GCC support for Objective-C is dead, and GCC support for ARM is likely to
languish. I talk quite regularly to ARM's compiler group. They have customers
in two categories:
- Won't use GCC because of the license (GPLv3 means to a lot of companies
'don't let this code in the door')
- Will use whatever compiler ARM recommends
As such, ARM is focussing entirely on LLVM and encouraging their partners to do
the same. The two big mobile operating systems, iOS and Android, are backed by
the two companies that employ the majority of LLVM developers.
The license is, to be honest, also an impediment for GNUstep. I'm seeing
increasingly that commercial entities have two strategies with open source:
- If it's copyleft, fork it and don't tell anyone. Obfuscate your binaries a
little bit and hope no one sues. This generally works, because most open
source projects either don't have the resources to sue, don't care, or don't
want to frighten off other companies by being seen as litigious.

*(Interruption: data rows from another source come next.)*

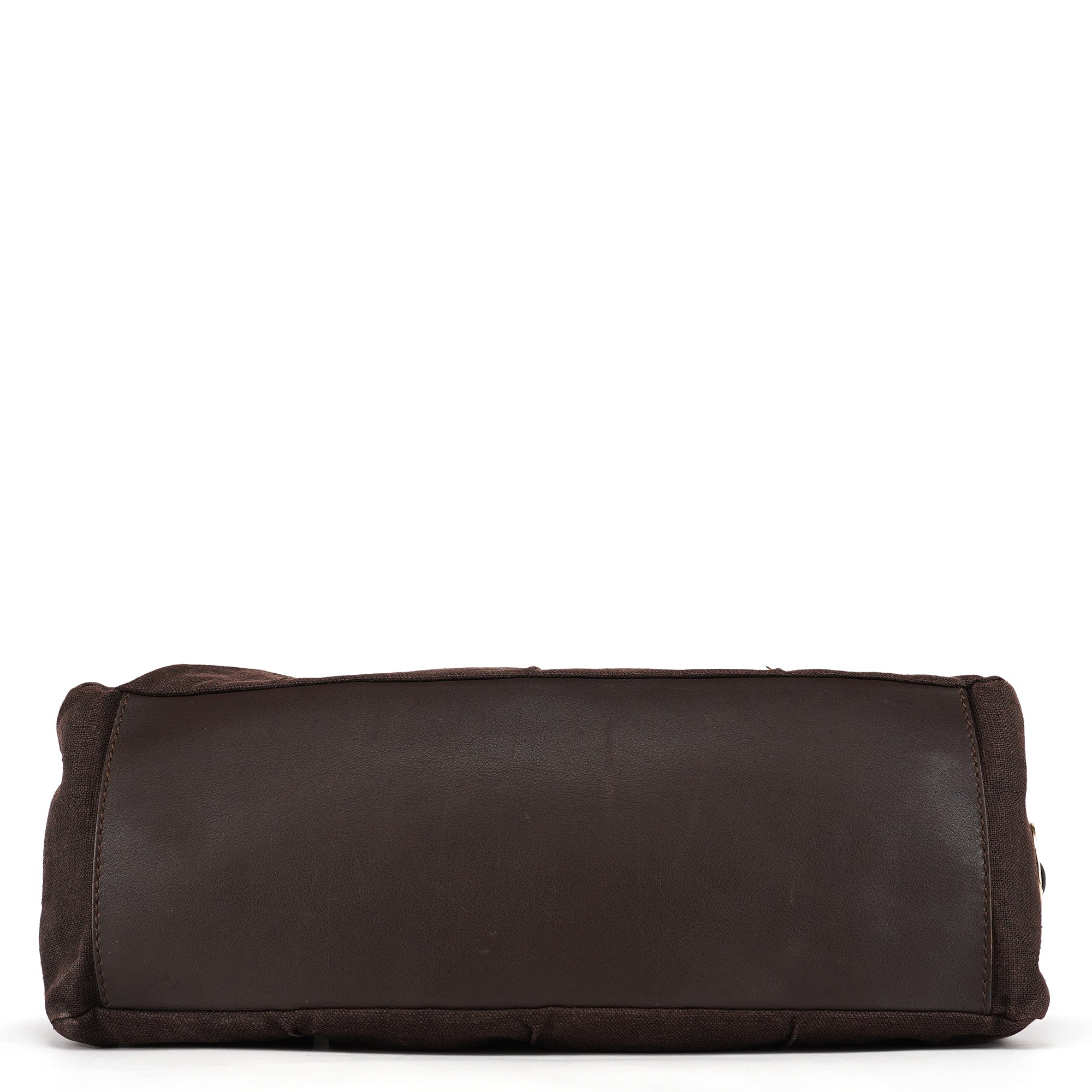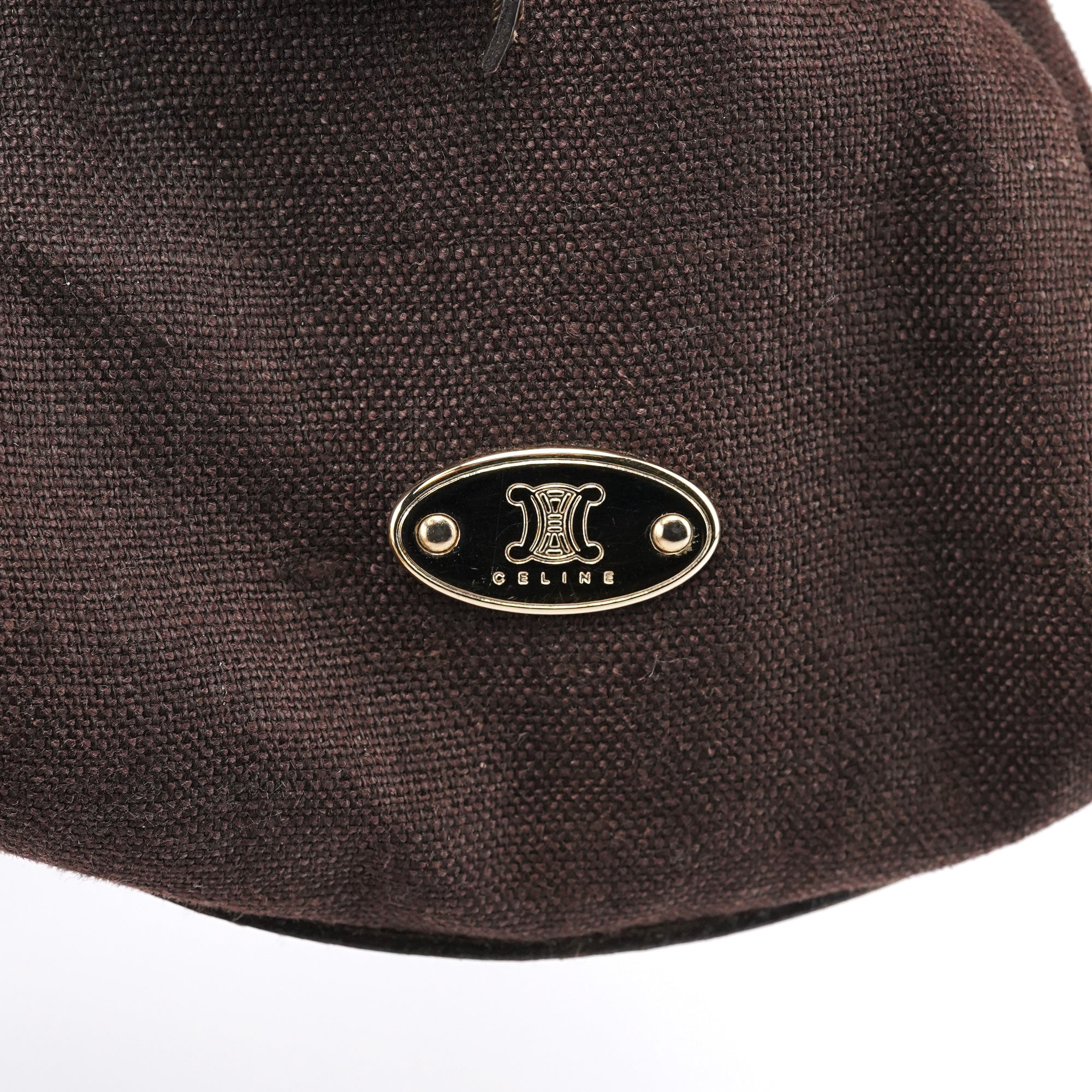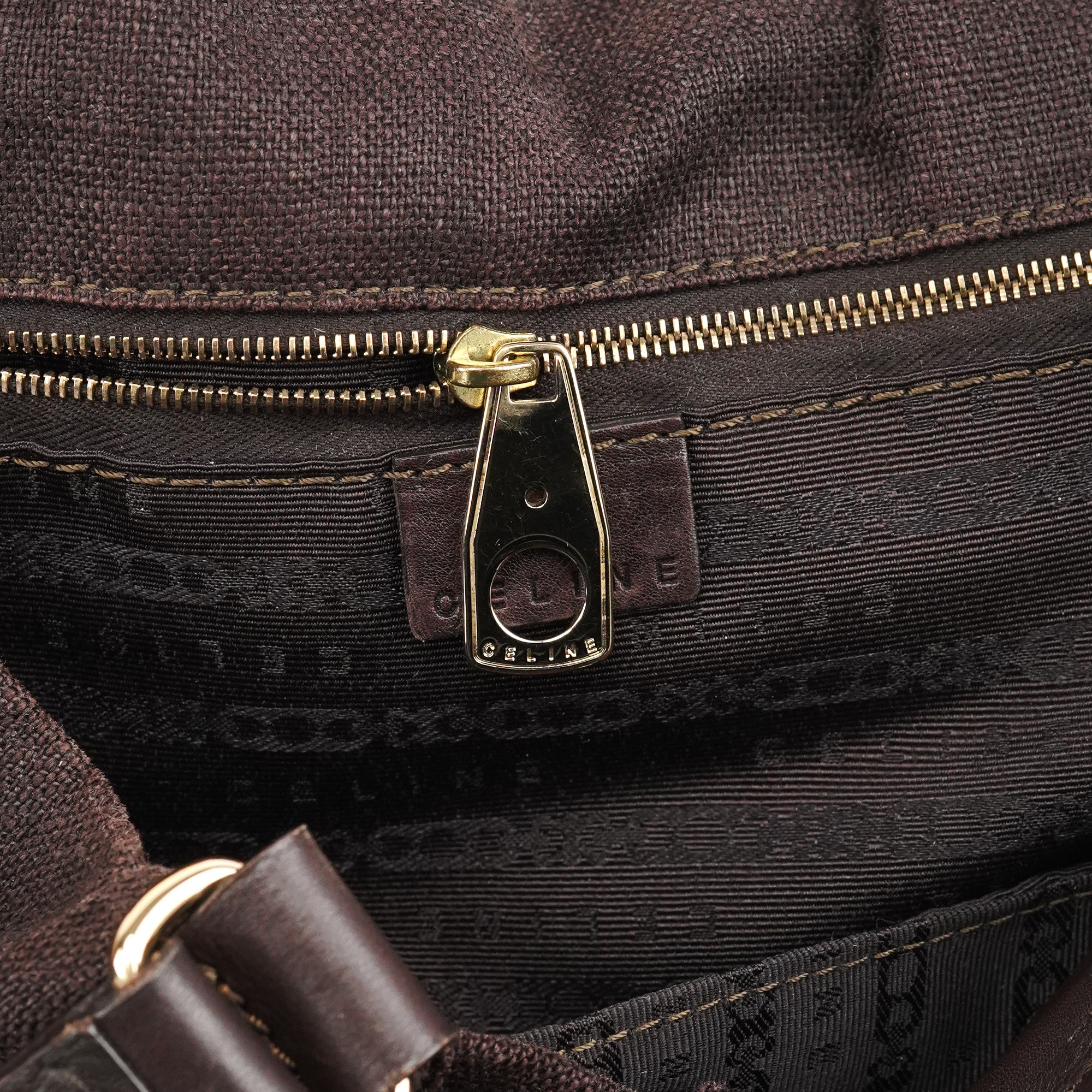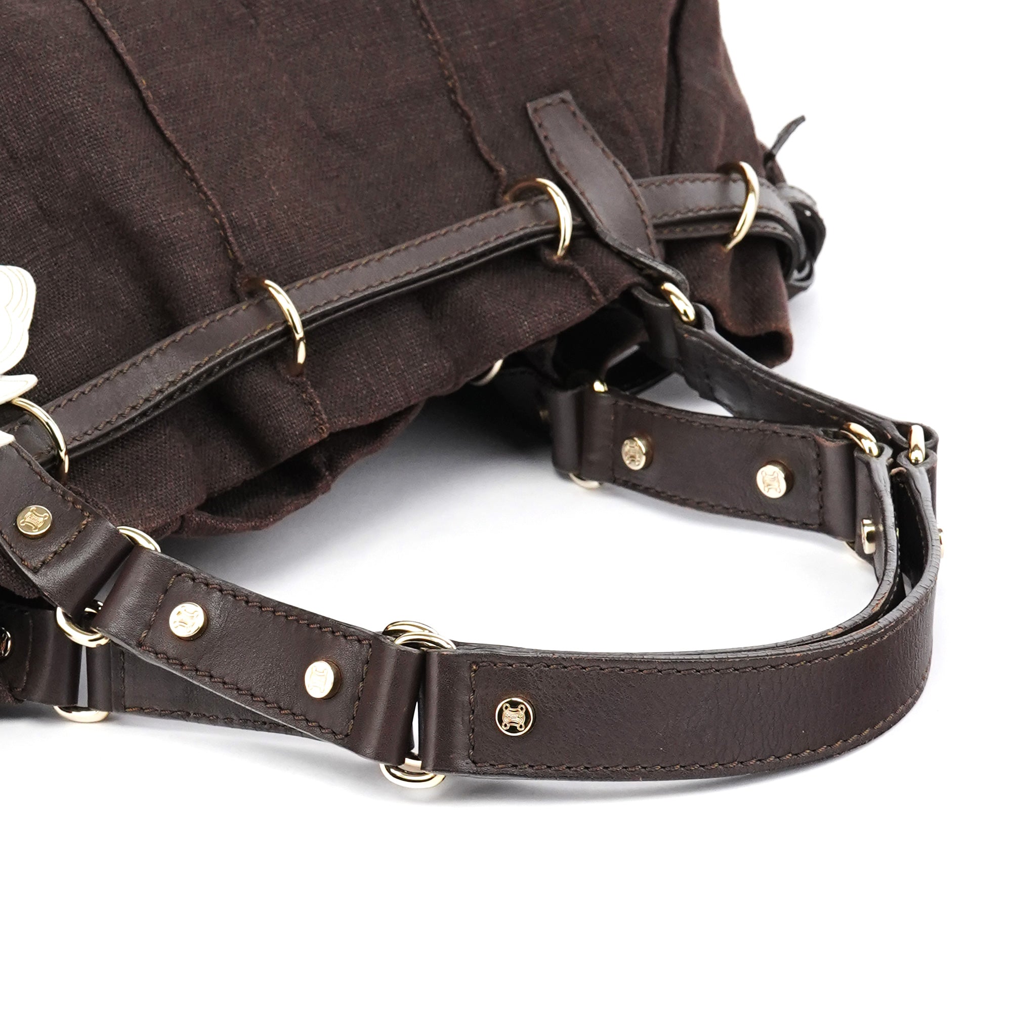 Designed in the early 2000s, this vintage Céline shoulder bag is crafted in brown canvas with leather trim and finished with layered floral appliqués. The design features gold-tone ring hardware, Triomphe-stamped studs, adjustable leather handles, and an open-top construction with an interior zip pocket.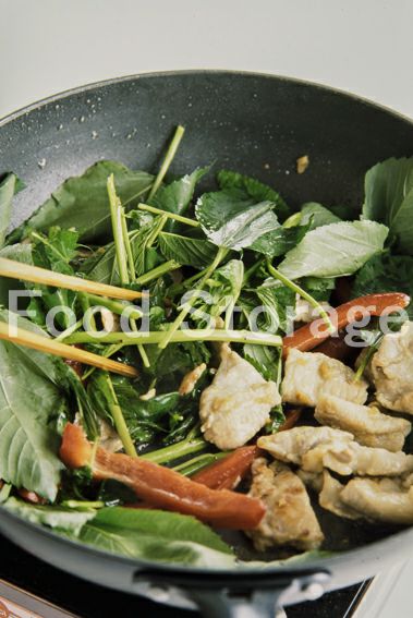 フライパンにサラダ油を熱し、弱火でしょうがを炒め、香りが出たら豚肉を炒める。 |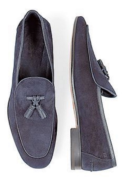 Handmade Gray Color Tassel Loafers Real Suede Leather Men's Formal Wedding Shoes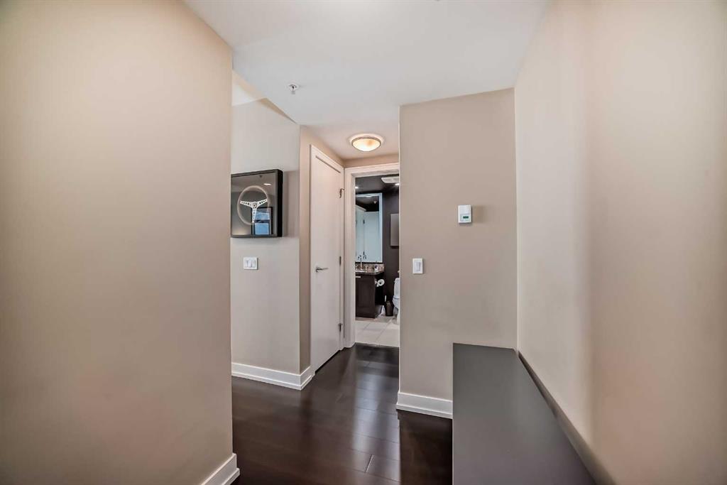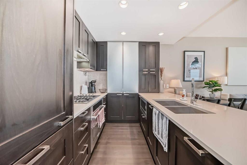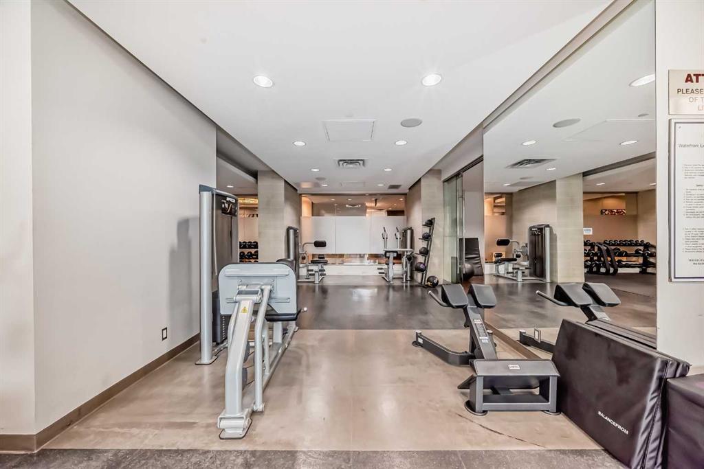 Welcome to this exquisite luxury condo located in the prestigious Waterfront. Perfectly positioned to capture the stunning west-facing views of the Bow River and partial glimpses of the majestic Rocky Mountains, this residence offers an unparalleled living experience in the heart of the city. As you step into this elegant condo, you are greeted by rich hardwood floors that flow seamlessly throughout the open-concept living space. The 9-foot ceilings and expansive windows fill the home with natural light, creating a bright and airy atmosphere. The thoughtfully designed layout maximizes both space and functionality, making it perfect for entertaining guests or enjoying quiet evenings at home. The gourmet kitchen is a chef's dream, featuring sleek cabinetry, high-end stainless steel appliances, and ample quartz counter space for meal preparation. The adjacent dining and living areas offer a warm and inviting space to relax and take in the picturesque views. The condo is equipped with modern conveniences, including air conditioning for year-round comfort. The spacious master suite offers a private retreat with large windows. Residents of 222 Riverfront Ave SW enjoy an array of luxurious amenities, including concierge 8am to 8 pm daily, a state-of-the-art fitness center, a relaxing hot tub, and a rejuvenating steam room. For those who love to entertain, the building offers a stylish meeting or gathering room, perfect for hosting events or socializing with neighbors. This condo represents the ultimate of urban living, with its unbeatable location, high-end finishes, and access to world-class amenities. Whether you're looking for a serene retreat in the city or a vibrant place to call home, this property is a rare find. Don’t miss your chance to experience the best of Calgary living at 222 Riverfront Ave SW.

- If it's permissively licensed, fork it and upstream anything that doesn't
give you a competitive advantage, so that your merge costs are lower (and so
other people fix your bugs).
There are two or three companies that I strongly suspect of following the first
approach with GNUstep and I think we missed an opportunity with them, as each
is independently putting more manpower into their private fork than we are on
upstream.
Having the tools under GPLv3 is also a problem, because shipping working
programs requires shipping many of the tools (at least defaults and gpbs) and
that puts companies off. It's no accident that most of the biggest users of
GNUstep use it for in-house development and not distributing the result.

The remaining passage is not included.